## GIVEN ENTRIES
============================================================

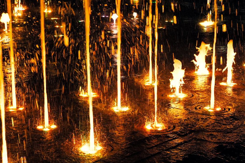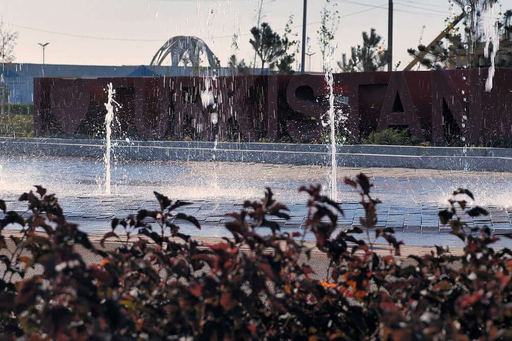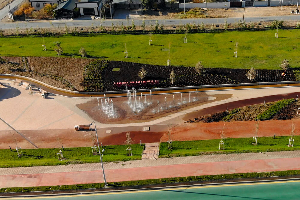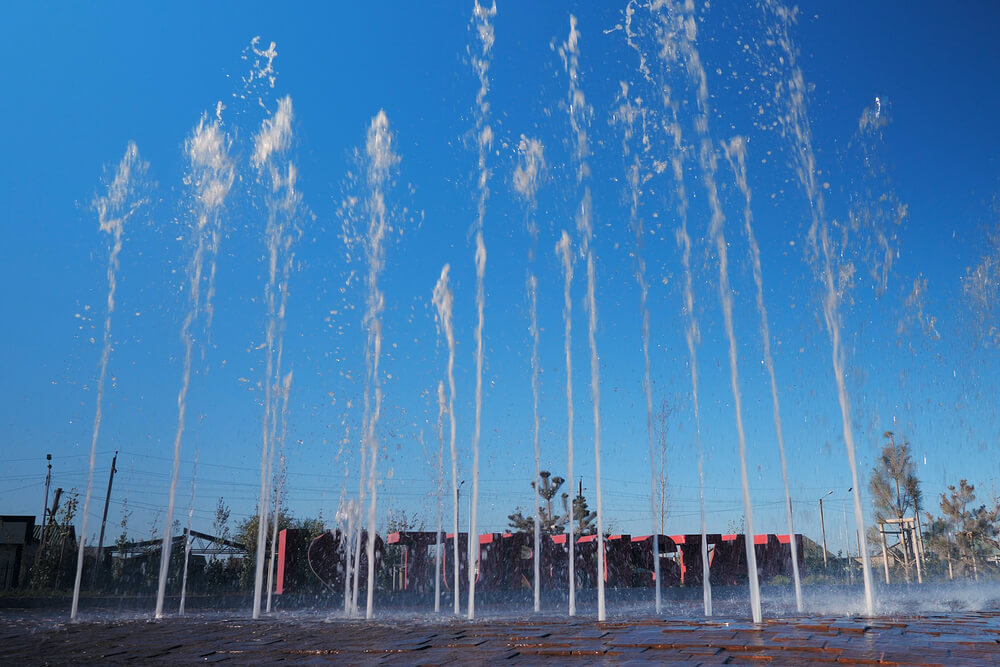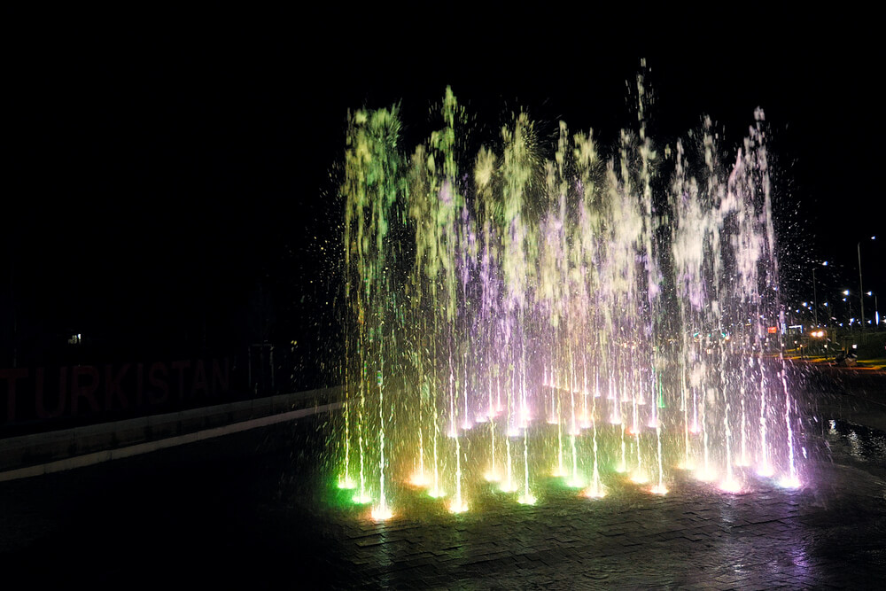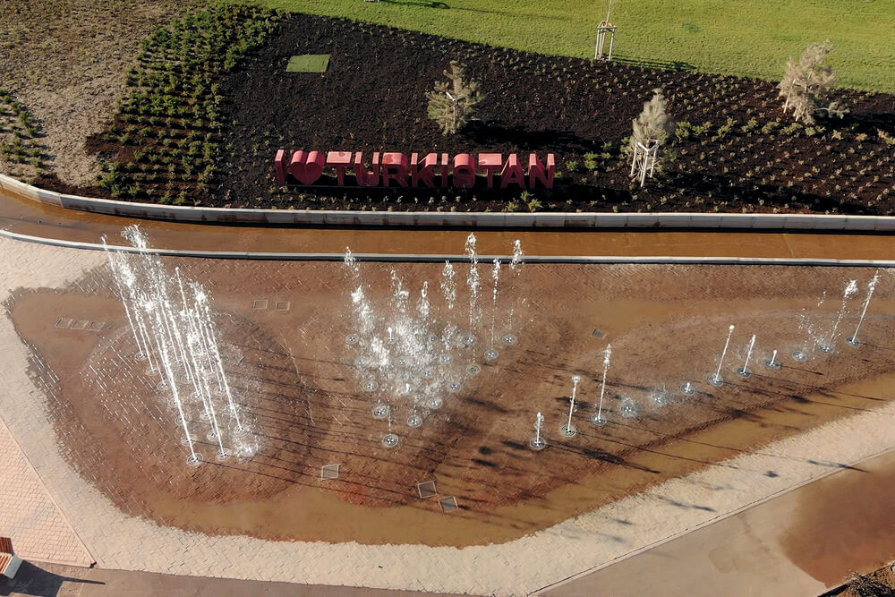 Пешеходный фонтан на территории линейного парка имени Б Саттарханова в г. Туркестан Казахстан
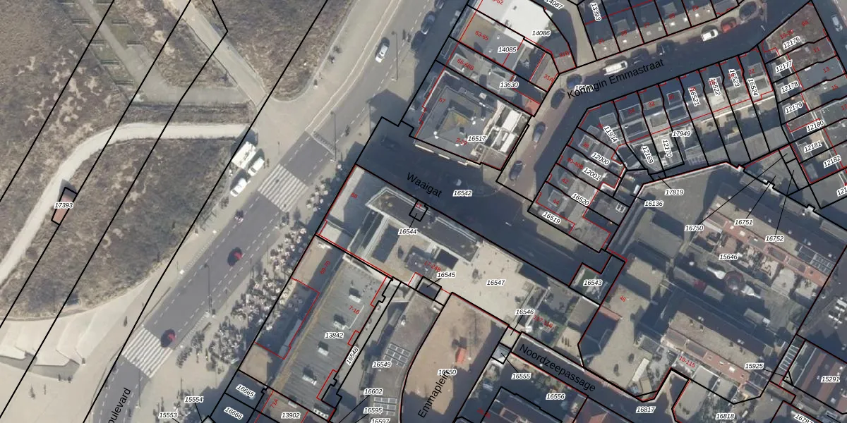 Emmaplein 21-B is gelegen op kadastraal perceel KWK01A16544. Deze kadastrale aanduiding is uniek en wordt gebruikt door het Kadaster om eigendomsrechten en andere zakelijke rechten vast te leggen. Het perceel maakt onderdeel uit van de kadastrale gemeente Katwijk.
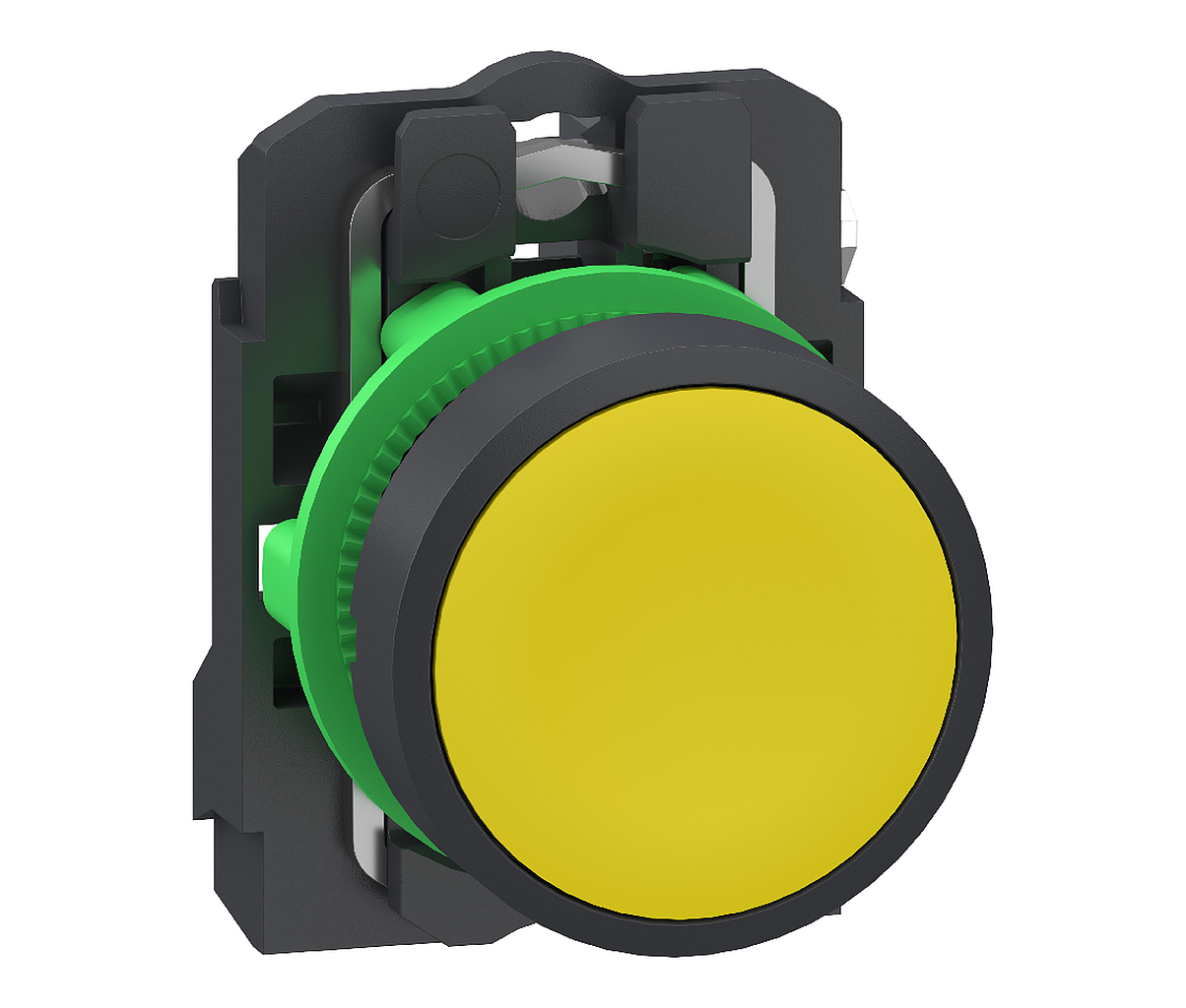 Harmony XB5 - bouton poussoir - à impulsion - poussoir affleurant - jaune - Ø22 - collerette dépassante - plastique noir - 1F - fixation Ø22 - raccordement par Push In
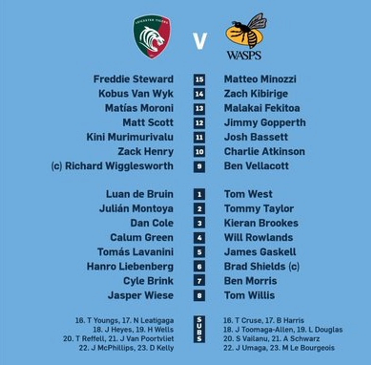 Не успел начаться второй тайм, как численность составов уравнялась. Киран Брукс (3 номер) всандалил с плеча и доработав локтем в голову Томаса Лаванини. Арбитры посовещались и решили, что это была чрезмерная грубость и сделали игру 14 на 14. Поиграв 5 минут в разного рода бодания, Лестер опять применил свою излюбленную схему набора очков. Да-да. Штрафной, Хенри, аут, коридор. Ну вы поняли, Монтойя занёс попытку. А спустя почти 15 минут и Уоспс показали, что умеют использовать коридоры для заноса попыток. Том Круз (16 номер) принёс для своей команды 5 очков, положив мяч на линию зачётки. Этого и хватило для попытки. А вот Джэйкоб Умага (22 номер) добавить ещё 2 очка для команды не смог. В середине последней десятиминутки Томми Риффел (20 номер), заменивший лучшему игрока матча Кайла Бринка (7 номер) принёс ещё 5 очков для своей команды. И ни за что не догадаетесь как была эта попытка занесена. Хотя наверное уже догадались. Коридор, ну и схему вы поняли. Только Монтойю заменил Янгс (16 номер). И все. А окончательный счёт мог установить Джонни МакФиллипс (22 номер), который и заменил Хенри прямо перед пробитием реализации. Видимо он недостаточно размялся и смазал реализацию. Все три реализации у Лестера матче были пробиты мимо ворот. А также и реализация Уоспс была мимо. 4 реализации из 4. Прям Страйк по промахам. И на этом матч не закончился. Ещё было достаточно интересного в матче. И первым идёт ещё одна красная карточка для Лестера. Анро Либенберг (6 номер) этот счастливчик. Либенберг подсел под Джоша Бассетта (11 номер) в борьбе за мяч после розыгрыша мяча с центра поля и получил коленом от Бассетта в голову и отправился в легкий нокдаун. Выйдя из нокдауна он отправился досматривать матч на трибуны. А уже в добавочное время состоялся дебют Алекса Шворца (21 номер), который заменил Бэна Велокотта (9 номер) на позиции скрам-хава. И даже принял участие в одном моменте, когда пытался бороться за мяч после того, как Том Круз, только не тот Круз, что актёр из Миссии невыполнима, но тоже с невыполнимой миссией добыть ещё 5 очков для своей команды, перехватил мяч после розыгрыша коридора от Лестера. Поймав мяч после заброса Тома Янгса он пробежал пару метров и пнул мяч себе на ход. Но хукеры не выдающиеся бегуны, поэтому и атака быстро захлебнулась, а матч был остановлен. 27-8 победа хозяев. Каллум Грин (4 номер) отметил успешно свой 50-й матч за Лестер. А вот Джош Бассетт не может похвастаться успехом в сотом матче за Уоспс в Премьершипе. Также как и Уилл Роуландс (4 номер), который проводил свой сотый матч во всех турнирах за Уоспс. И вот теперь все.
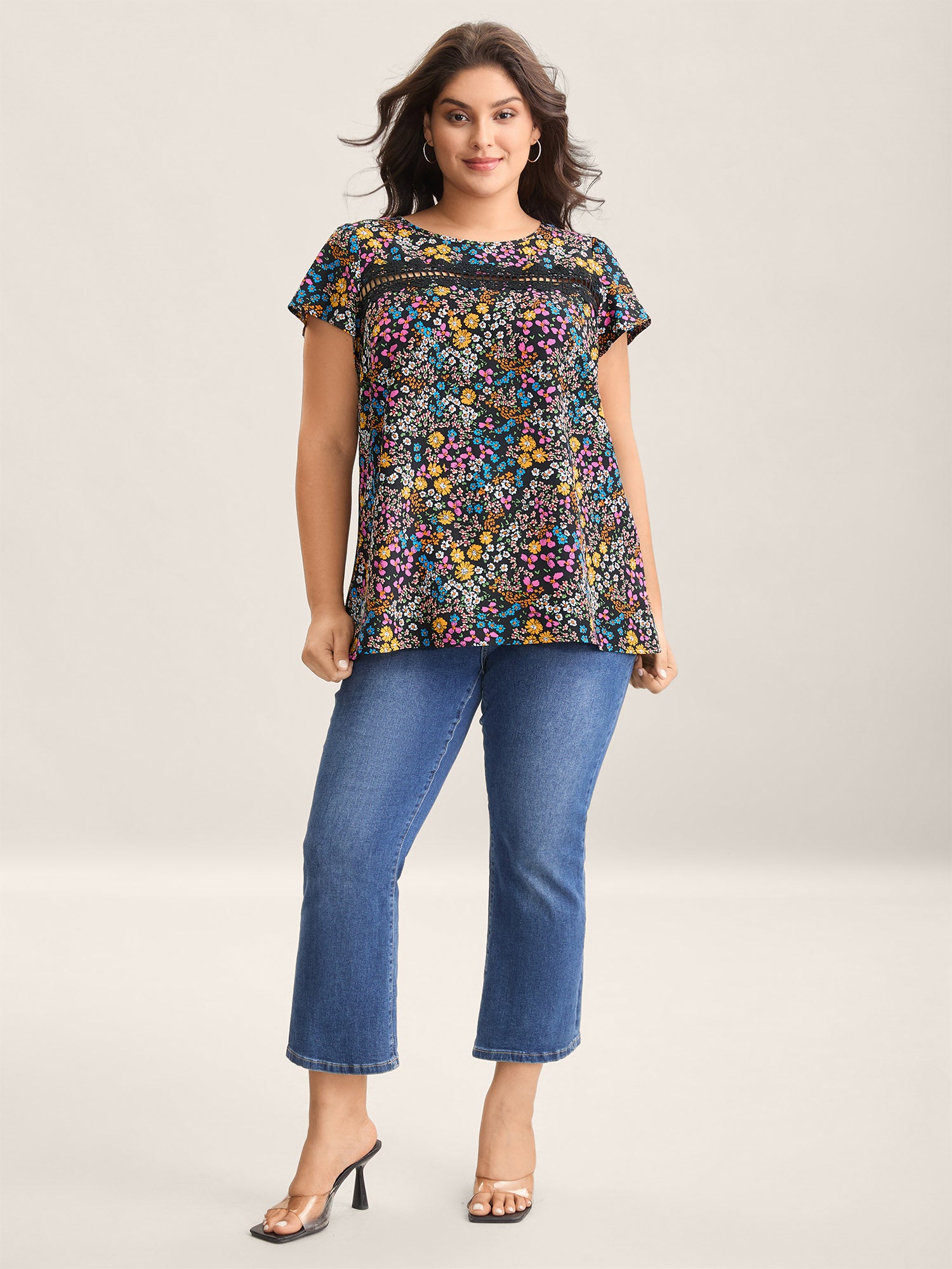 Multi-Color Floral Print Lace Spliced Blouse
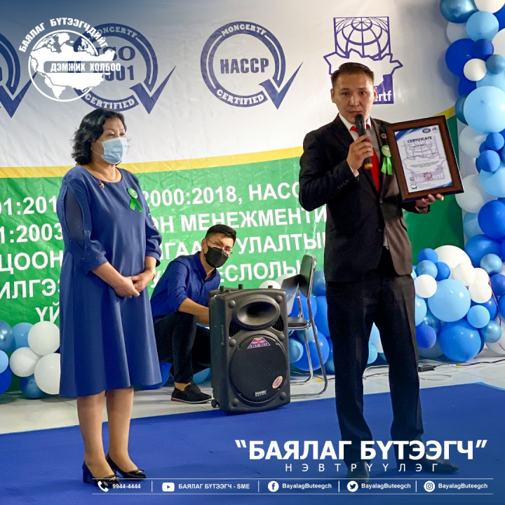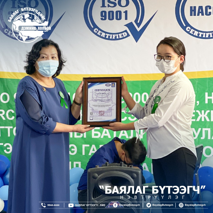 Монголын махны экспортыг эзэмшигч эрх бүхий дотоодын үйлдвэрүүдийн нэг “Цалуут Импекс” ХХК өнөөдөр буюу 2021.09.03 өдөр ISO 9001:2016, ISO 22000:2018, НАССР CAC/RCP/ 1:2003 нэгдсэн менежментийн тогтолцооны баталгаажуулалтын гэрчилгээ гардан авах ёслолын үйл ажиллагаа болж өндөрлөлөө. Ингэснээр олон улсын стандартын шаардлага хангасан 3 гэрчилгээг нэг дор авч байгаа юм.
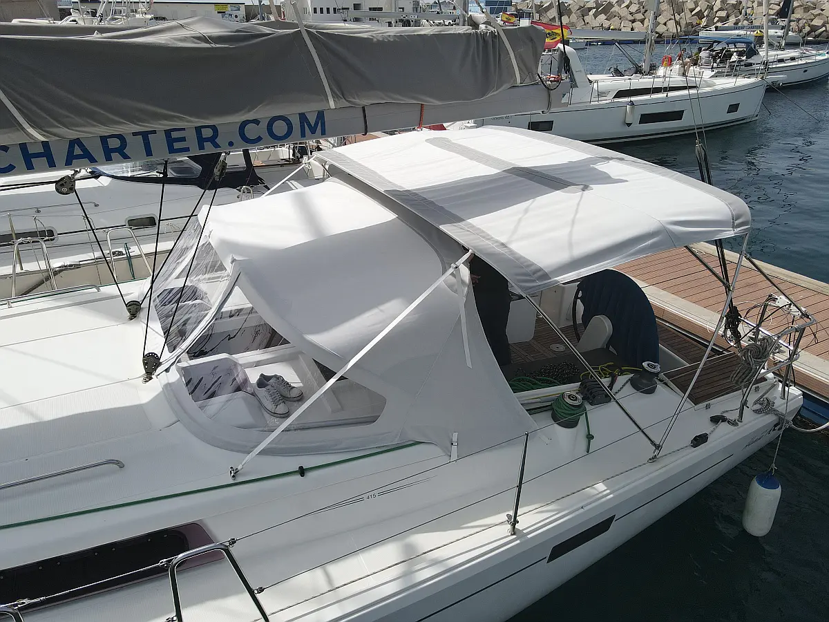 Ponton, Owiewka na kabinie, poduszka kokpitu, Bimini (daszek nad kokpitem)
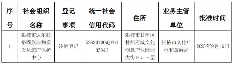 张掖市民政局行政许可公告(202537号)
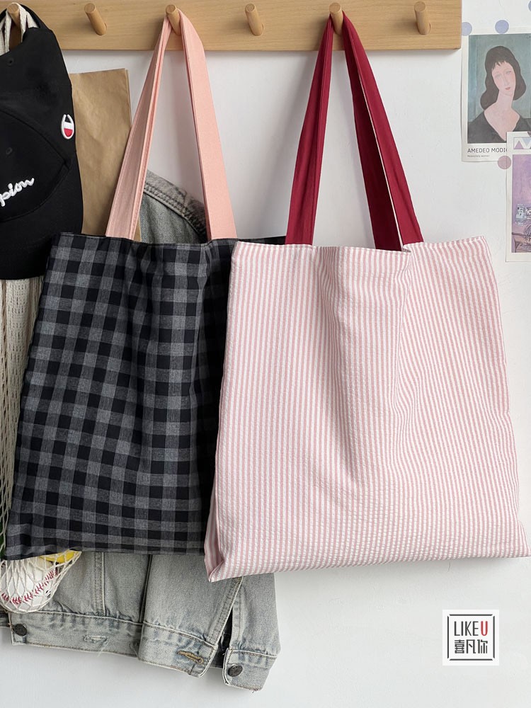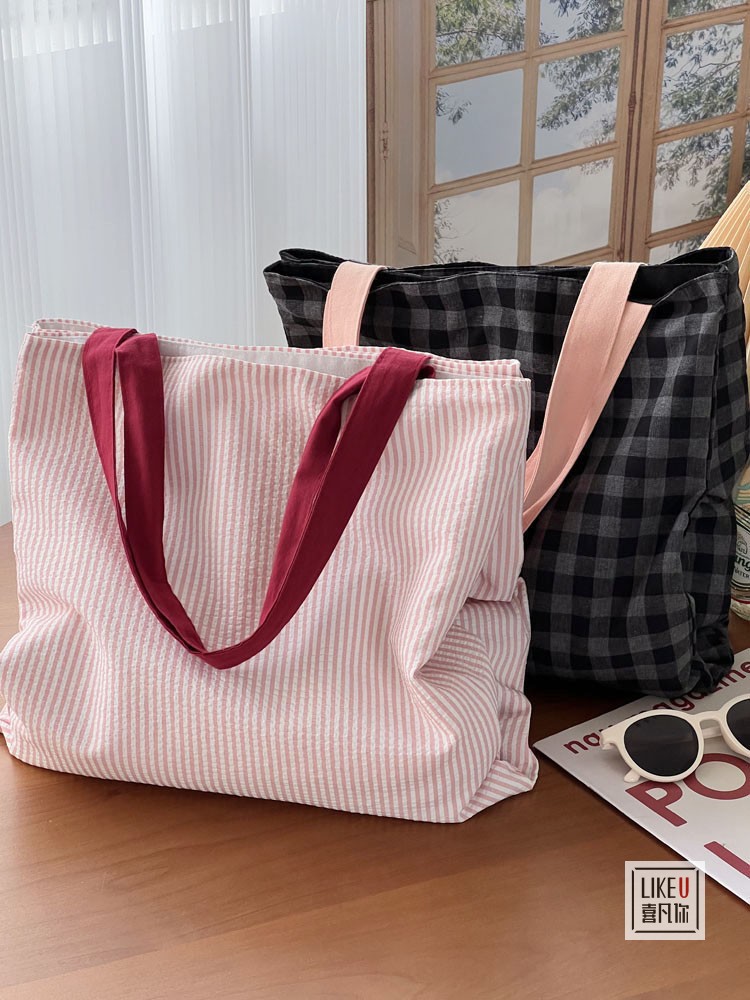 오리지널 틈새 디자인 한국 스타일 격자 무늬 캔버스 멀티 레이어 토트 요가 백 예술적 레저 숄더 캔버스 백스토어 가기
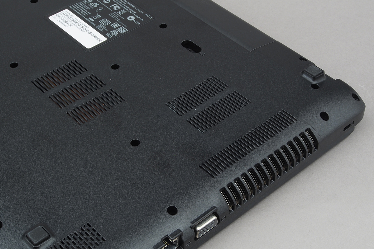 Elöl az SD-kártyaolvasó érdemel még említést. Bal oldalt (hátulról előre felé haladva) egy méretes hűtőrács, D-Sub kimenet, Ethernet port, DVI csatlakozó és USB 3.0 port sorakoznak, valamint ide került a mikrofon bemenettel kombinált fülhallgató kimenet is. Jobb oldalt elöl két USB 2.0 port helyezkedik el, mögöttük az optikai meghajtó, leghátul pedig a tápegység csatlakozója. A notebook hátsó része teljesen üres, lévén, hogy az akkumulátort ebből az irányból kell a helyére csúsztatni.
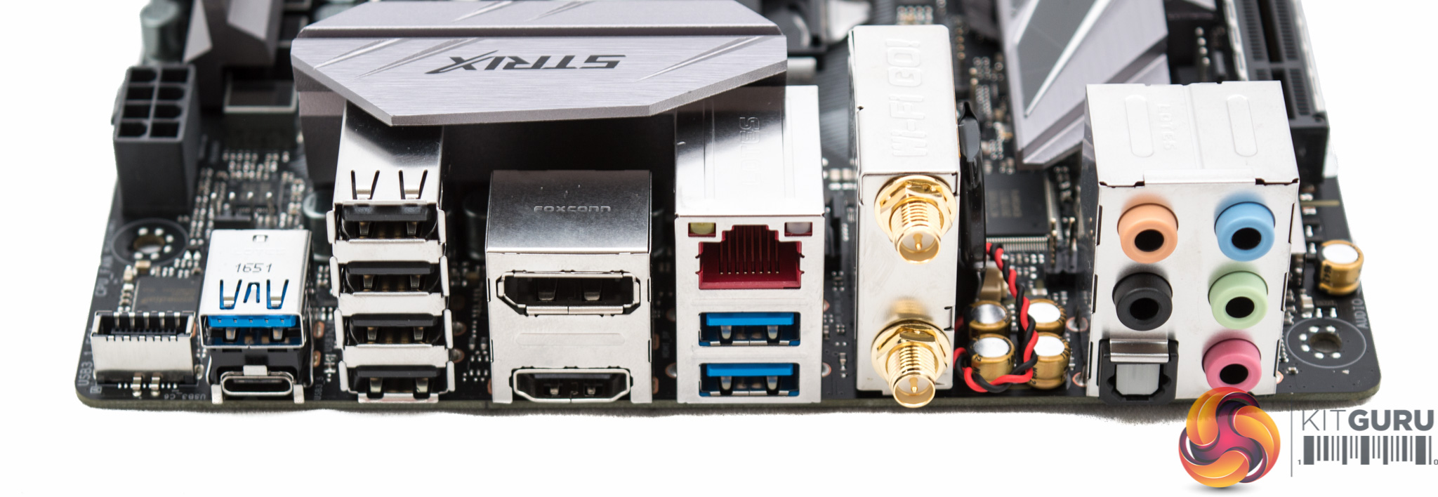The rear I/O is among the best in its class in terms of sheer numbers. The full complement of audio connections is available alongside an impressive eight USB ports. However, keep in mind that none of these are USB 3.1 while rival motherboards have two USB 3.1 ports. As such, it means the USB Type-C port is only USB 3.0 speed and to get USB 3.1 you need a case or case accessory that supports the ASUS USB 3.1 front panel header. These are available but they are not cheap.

============================================================

## ACTION ITEM
Leave out the pictures. Transcribe only the lines above, from the first through the one that contains "Harmony XB5 - bouton".

## ANSWER TO THE PROBLEM
 Пешеходный фонтан на территории линейного парка имени Б Саттарханова в г. Туркестан Казахстан
 Emmaplein 21-B is gelegen op kadastraal perceel KWK01A16544. Deze kadastrale aanduiding is uniek en wordt gebruikt door het Kadaster om eigendomsrechten en andere zakelijke rechten vast te leggen. Het perceel maakt onderdeel uit van de kadastrale gemeente Katwijk.
 Harmony XB5 - bouton poussoir - à impulsion - poussoir affleurant - jaune - Ø22 - collerette dépassante - plastique noir - 1F - fixation Ø22 - raccordement par Push In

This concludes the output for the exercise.